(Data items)
---------------

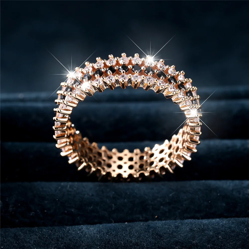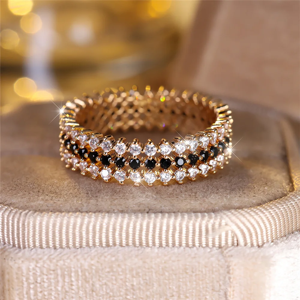 Luxury Female White Black Round Zircon Stone Ring Dainty Gold Color Wedding Jewelry For Women
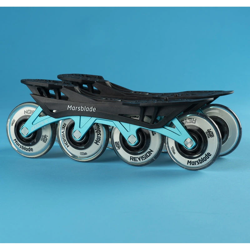 The Marsblade R1 roller hockey chassis powered by the patented Flow Motion Technology – a unique rocker that can be customized to players skating style and improves all aspects of skating, including more power and speed, quicker turns, better grip and control
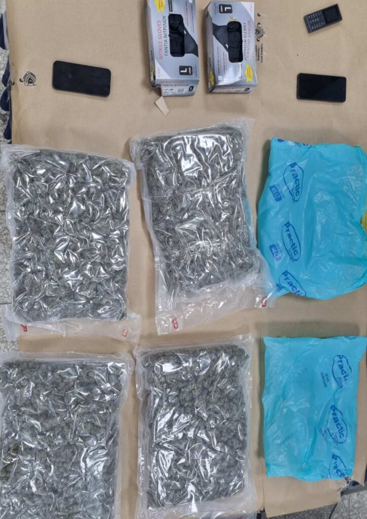 Το αυτοκίνητο του 26χρονου ανακόπηκε από μέλη της Αστυνομίας όπου μετά από έρευνα που διενεργήθηκε, εντοπίστηκαν τα δύο νάιλον σακούλια τα οποία από έλεγχο διαπιστώθηκε ότι περιείχαν κάνναβη συνολικού βάρους τεσσάρων κιλών και 520 γραμμαρίων περίπου. Ο 26χρονος συνελήφθη για αυτόφωτο αδίκημα ενώ από περαιτέρω έρευνα που διενεργήθηκε στο αυτοκίνητο του, εντοπίστηκε και παραλήφθηκε ένα κινητό τηλέφωνο καθώς και δύο κουτιά τα οποία περιείχαν γάντια μίας χρήσης.
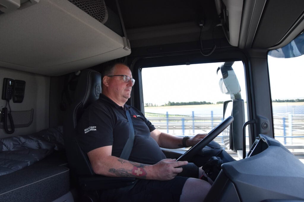 Der hohe Komfort des Scania hilft den Fahrern während der Fahrt . Rückspiegel und sämtliche aktive und passive Assistenzsysteme tragen jederzeit zu einer sicheren Fahrt bei, sind sich die Sauber-Chauffeure einig. Einzig das Navigationssystem scheint etwas veraltet zu sein und ist gelegentlich etwas verwirrend, sodass sich Mittner eine zusätzliche Navigation für das Mobiltelefon gekauft hat. «Für Irrfahrten bleibt uns keine Zeit», meint er augenzwinkernd. Dafür gefallen der effiziente Retarder, die vielen Staufächer, die Bedienung des Lichts in der Tür und die vielen weiteren Menüfunktionen. Casty ergänzt: «Beim Scania ist jeder Schalter am richtigen Ort platziert.»
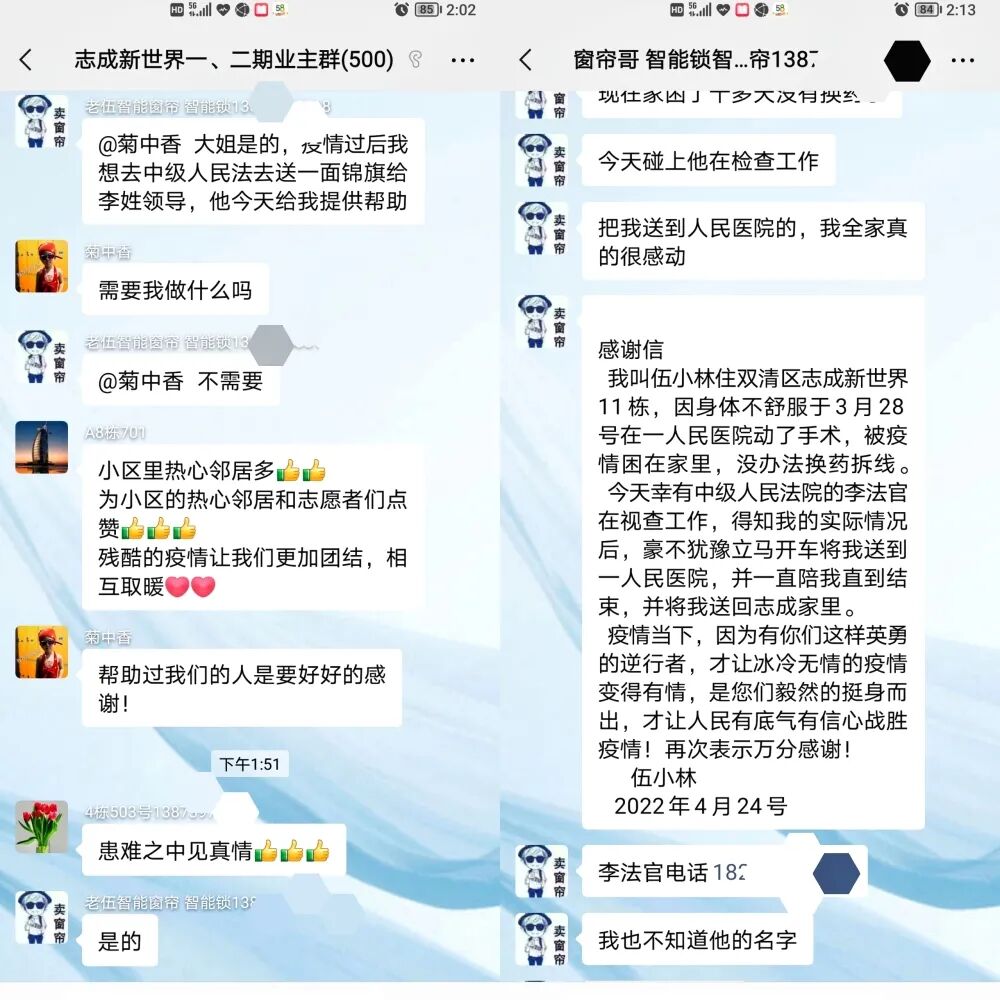 “疫情過后,我想去中院送一面錦旗給李姓領(lǐng)導,他今天給我?guī)土舜竺Γ 彪p清區(qū)志成新世界小區(qū)一名叫伍小林的居民在業(yè)主微信群表達了自己的心愿。原來,伍小林前不久因為尿毒癥剛動了手術(shù),受疫情影響,一直未能換藥,遵照醫(yī)囑,最遲今天就要做換藥拆線手術(shù),但小區(qū)離醫(yī)院還有一段距離,封控區(qū)車輛沒有通行證不能隨意上路行駛。正苦于無計可施之時,中院審委會委員、疫情防控志成社區(qū)督導員李漢斌得知這一情況后,二話不說即刻開車將伍小林送到醫(yī)院,直至他手術(shù)做完,再將其送返家中,最后竟然連姓名都未留下。
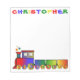 Fun, bright, multicolored choo choo train features red, blue, yellow, green, purple and orange gradients with smoke circles and striped wheels on white background. Personalize with name. Use one letter per template and delete any extras. To center text after name is entered: Click CUSTOMIZE IT, HOLD CTRL down while clicking each letter of name (to highlight them), Click ARRANGE, Click CENTER HORIZONTALLY.
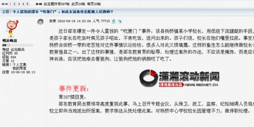 19日晚,有網(wǎng)友將此事發(fā)帖在紅網(wǎng)論壇上,立即引來眾網(wǎng)友熱議,已有7萬多網(wǎng)友點擊關注,同時也引起當?shù)亟逃块T關注。據(jù)瀟湘晨報滾動新聞記者了解到,目前,此事已報案,當?shù)亟逃块T和警方就此事展開調(diào)查。
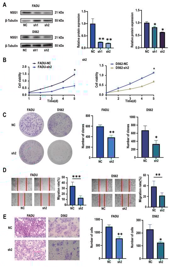 Changes in the proliferation, migration, and invasion abilities of hypopharyngeal cancer cells after downregulating NSG1 (FaDu and D562 cell lines were transfected with lentiviral vectors containing a control or knockdown NSG1 gene). (A) Western blot analysis was performed to detect the expression of NSG1 in the transfected cells. (B) The proliferation of NSG1 cells within 5 days after the knockdown was measured by the CCK-8 method. (C) The proliferation capacity of the HSCC cells was detected by the colony formation method. (D) The migration ability of transfected cells was tested by a wound scratch assay. (E) The invasion ability of the HSCC cells was evaluated by a Transwell assay. NC group: transfected with an sh-NSG1-NC plasmid; sh1 group: transfected with an sh-NSG1-1 plasmid; sh2 group: transfected with an sh-NSG1-2 plasmid. Data from three independent experiments are expressed as mean ± standard deviation. * p < 0.05, ** p < 0.01, *** p < 0.001.
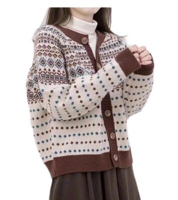 Cardigan Rajut Harajuku Motif Tribal Batik

---------------

THE TASK
Above are the records. Copy only the lines from the one with "Der hohe Komfort" through the one with "19日晚,有網(wǎng)友", exactly, with no pictures.

ANSWER TO THIS TASK
 Der hohe Komfort des Scania hilft den Fahrern während der Fahrt . Rückspiegel und sämtliche aktive und passive Assistenzsysteme tragen jederzeit zu einer sicheren Fahrt bei, sind sich die Sauber-Chauffeure einig. Einzig das Navigationssystem scheint etwas veraltet zu sein und ist gelegentlich etwas verwirrend, sodass sich Mittner eine zusätzliche Navigation für das Mobiltelefon gekauft hat. «Für Irrfahrten bleibt uns keine Zeit», meint er augenzwinkernd. Dafür gefallen der effiziente Retarder, die vielen Staufächer, die Bedienung des Lichts in der Tür und die vielen weiteren Menüfunktionen. Casty ergänzt: «Beim Scania ist jeder Schalter am richtigen Ort platziert.»
 “疫情過后,我想去中院送一面錦旗給李姓領(lǐng)導,他今天給我?guī)土舜竺Γ 彪p清區(qū)志成新世界小區(qū)一名叫伍小林的居民在業(yè)主微信群表達了自己的心愿。原來,伍小林前不久因為尿毒癥剛動了手術(shù),受疫情影響,一直未能換藥,遵照醫(yī)囑,最遲今天就要做換藥拆線手術(shù),但小區(qū)離醫(yī)院還有一段距離,封控區(qū)車輛沒有通行證不能隨意上路行駛。正苦于無計可施之時,中院審委會委員、疫情防控志成社區(qū)督導員李漢斌得知這一情況后,二話不說即刻開車將伍小林送到醫(yī)院,直至他手術(shù)做完,再將其送返家中,最后竟然連姓名都未留下。
 Fun, bright, multicolored choo choo train features red, blue, yellow, green, purple and orange gradients with smoke circles and striped wheels on white background. Personalize with name. Use one letter per template and delete any extras. To center text after name is entered: Click CUSTOMIZE IT, HOLD CTRL down while clicking each letter of name (to highlight them), Click ARRANGE, Click CENTER HORIZONTALLY.
 19日晚,有網(wǎng)友將此事發(fā)帖在紅網(wǎng)論壇上,立即引來眾網(wǎng)友熱議,已有7萬多網(wǎng)友點擊關注,同時也引起當?shù)亟逃块T關注。據(jù)瀟湘晨報滾動新聞記者了解到,目前,此事已報案,當?shù)亟逃块T和警方就此事展開調(diào)查。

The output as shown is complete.